European telecoms stocks are at fresh record lows relative to the market after years of investor neglect in markets dominated by megacaps that offer fatter returns.

Since early 2000, Europe’s telecoms have seen their market cap collapse six-fold to $270 billion.

“We strongly believe that M&A can draw attention to a completely forgotten equity sector,” said Fabio Caldato, portfolio manager at investment company AcomeA SGR.

“We’re building the position. There may be cross-border M&A that finally reduces competition and raises margins for telecom operators,” he added.

Vodafone this week announced exclusive talks to sell its Italian arm to Swisscom for 8 billion euros ($8.7 billion), adding to other potential transactions in the making.

Mediobanca Securities analyst Fabio Pavan said the deal “was a step in the right direction” as it would create a group with a more than 30% share in both fixed and mobile markets in Italy, home to the European Union’s third largest population.
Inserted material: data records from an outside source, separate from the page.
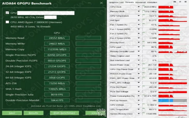 최대 2802 MHz 의 GPU 클럭을 탑재하였으며 262W 전력을 소비하며, GPU 는 AIDA64 GPGPU 테스트에서 42 TFLOPs 의 FP32 의 최고 처리 능력을 발휘할 수 있다고 알려졌습니다. 또한 이 제품은 레퍼런스 모델인지, 어떠한 특정 제품인지는 알려진 사실이 없다는 것입니다.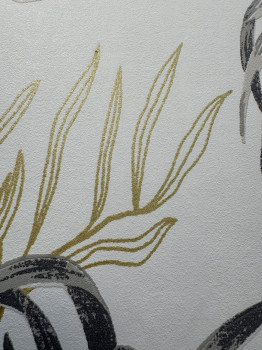 Krémová vliesová tapeta s vinylovým povrchem, motivy tropických listů v odstínech šedé a okrové, místy se zlatými odlesky.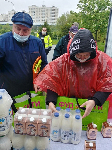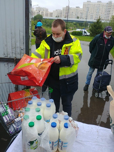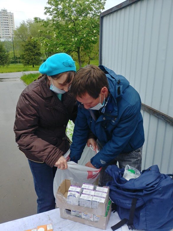 Продукцию раздавали волонтеры социальной службы храма на улице, с учетом всех необходимых мер безопасности.
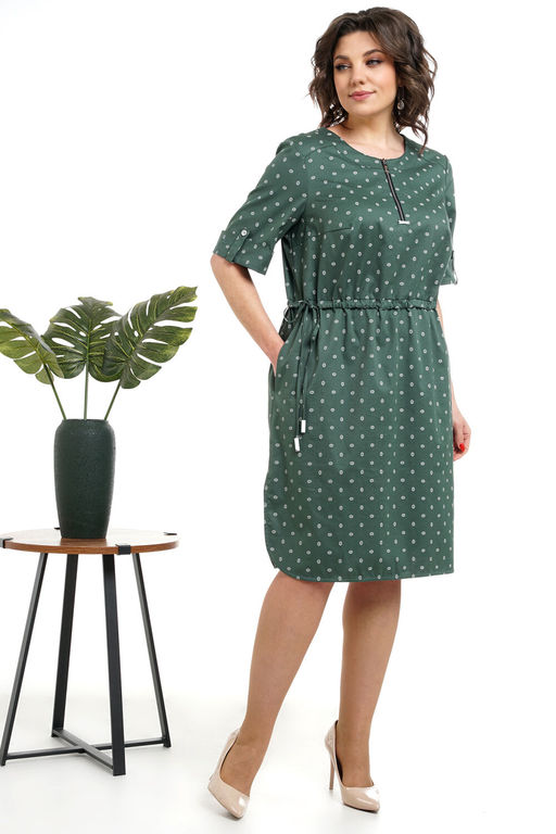 Платье женское прямого силуэта, отрезное по линии талии с кулисой и завязкой фиксируемая степень прилегания, в боковых швах карманы, низ фигурной формы.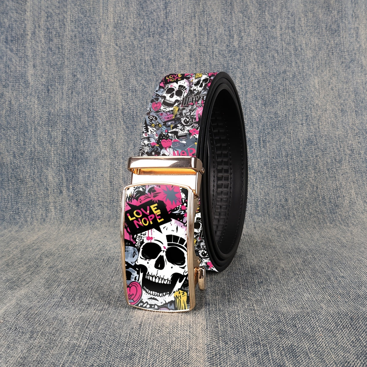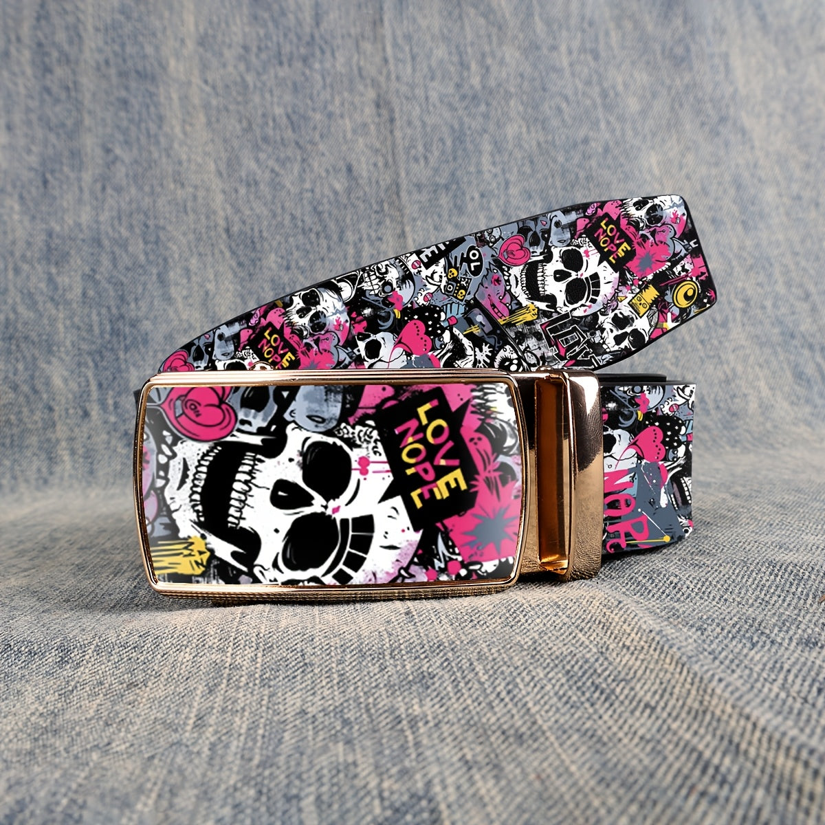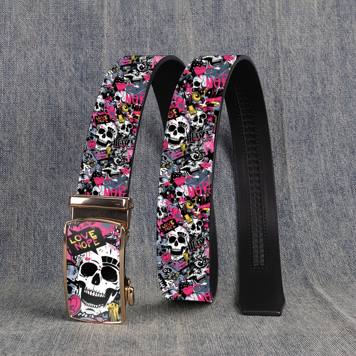 Upgrade your casual style with this trendy men's belt featuring a stylish love skull print design. Crafted from faux leather with a silvery toned automatic buckle, this accessory is versatile and perfect for streetwear.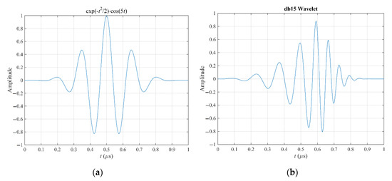 To obtain real shape collected waveforms, it is important to correctly choose the impulse response R(t) shape of the transducer. In MAT-MI measurements such a data is usually provided by the transducer’s manufacturer. However, for our calculations we adopted several mother wavelets which faithfully reproduce the actual shape of the impulse response of typical ultrasonic transducers (e.g., PBP Optel Sp. z o. o.—center frequency of 0.5 MHz, diameter 25 mm, material polyacetal). Among them we chose the Morlet and Daubechies (db15) wavelets, which shapes are shown in Figure 5, on the left and right, respectively. During performing the reconstructing the image with these wavelets we did not notice significant changes in the obtained images’ quality and therefore we decided to use the Morlet wavelet for further calculations.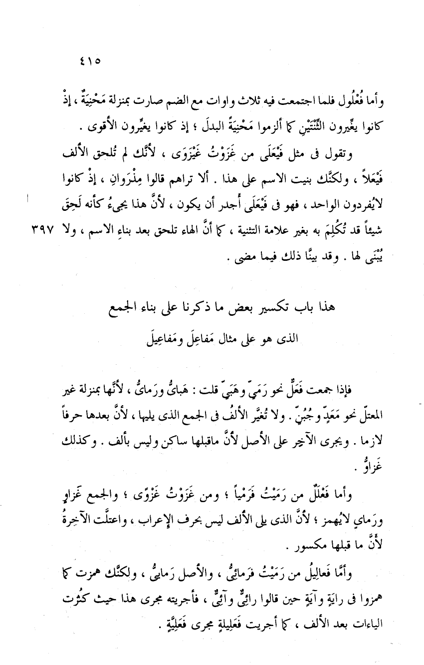 الذي هو على مثال مفاعل ومفاعيل فإذا جمعت فعلٌّ نح رمىٍ وهبىٍ قلت: هبايٌ ورمايٌ، لأنها بمنزلة غير المعتل نحو معدٍ وجبنٍ. ولا تغير الألف في الجمع الذي يليها، لأن بعدها حرفاً لازما. ويجري الآخر على الأصل لأن ما قبلها ساكن وليس بألف. وكذلك غزاوٌ.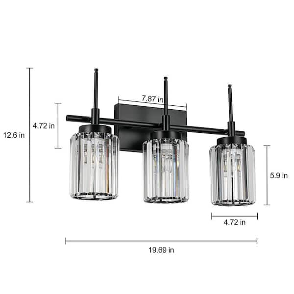 Orillia 19.69 in. 3-Light Modern Industrial Black Bathroom Vanity Light with Crystal Cylinder Shades
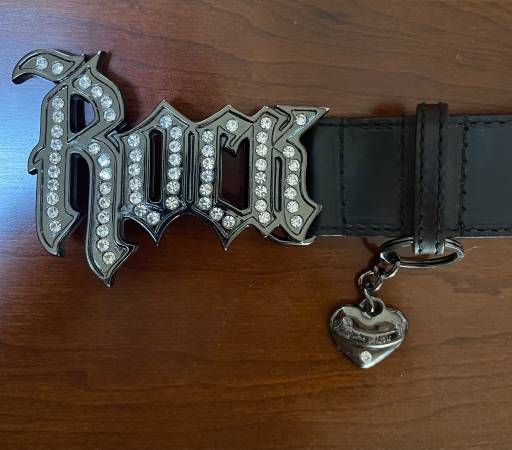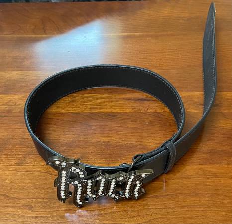 GUESS ROCK women’s black leather belt. Rhinestone buckle on 35.5 inch black belt with Guess Rocks charm. The buckle measures 4“ x 3 1/4“ tall. The belt width is 1 1/2 inches. $25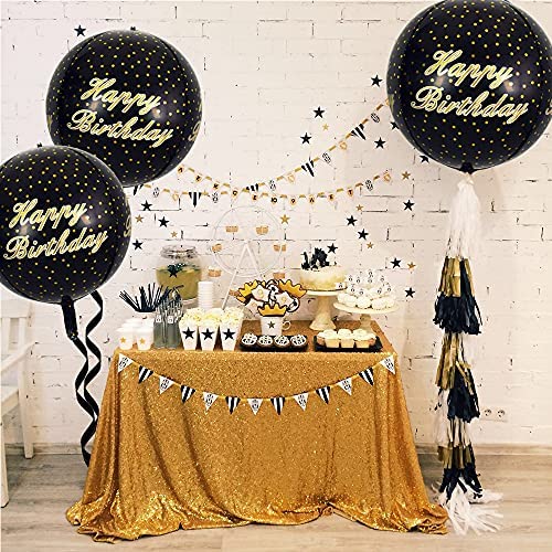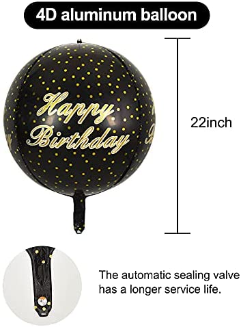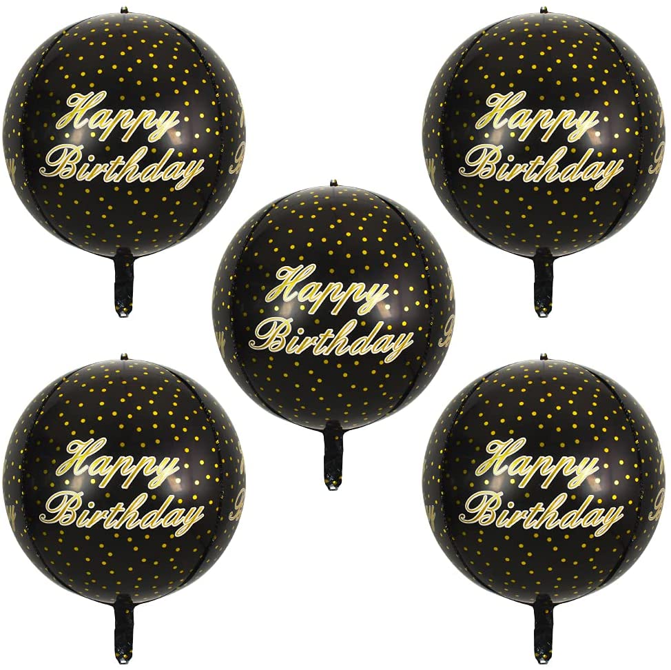 Black Happy Birthday Aluminum Foil 4D Polka Balloon 22 inch Large Round Shape Helium Foil Balloons Floating Mylar Balloon Party Decoration Supplies for Birthday Party Anniversary Celebration Wedding Baby Shower Decoration Halloween Supplies (5 Pcs)

“The telecom sector continues to show a strong need for remedies; M&A is the only effective one, opening a virtuous cycle of price-ups,” Pavan also said.

The sector has been plagued by many players fighting for market share, while facing costly network upgrades to meet growing demand for data. Analysts say industry consolidation could end price wars, allow companies to cut admin costs, and get synergies by sharing technology and infrastructure.

Telecom Italia is selling its fixed-line network to private equity investor KKR for up to 22 billion euros in “game-changing” deal BofA analysts believe will help the Italian group “remove the shackles of debt”.

Orange and MasMovil got Brussels’ conditional clearance in February for their 18.6 billion euro tie-up in Spain, while unlisted telecoms group Iliad took a $1.3-billion stake in Sweden’s Tele2, as its top investor, French billionaire Xavier Niel, seeks to push consolidation.

Caldato said the French, Spanish, Italian and British telecoms markets could offer opportunities, especially where companies have done most of the capex to upgrade their networks.

A European Commission document suggested regulators may loosen merger rules, although antitrust chief Margrethe Vestager in Brussels said last week such a move was not under consideration.

Investors are still chronically underweight European telecoms, but data from Morgan Stanley on funds with a combined $1.2 trillion in assets has shown positioning is on the rise. The percentage of global funds overweight telecoms has reached 31%, the highest level since at least December 2013.

In the past year, European telecoms have lost 8%, logging a 17 percentage-point underperformance relative to the region-wide STOXX 600 index. On a forward PE basis, they trade at a 7% discount to the market, according to LSEG data.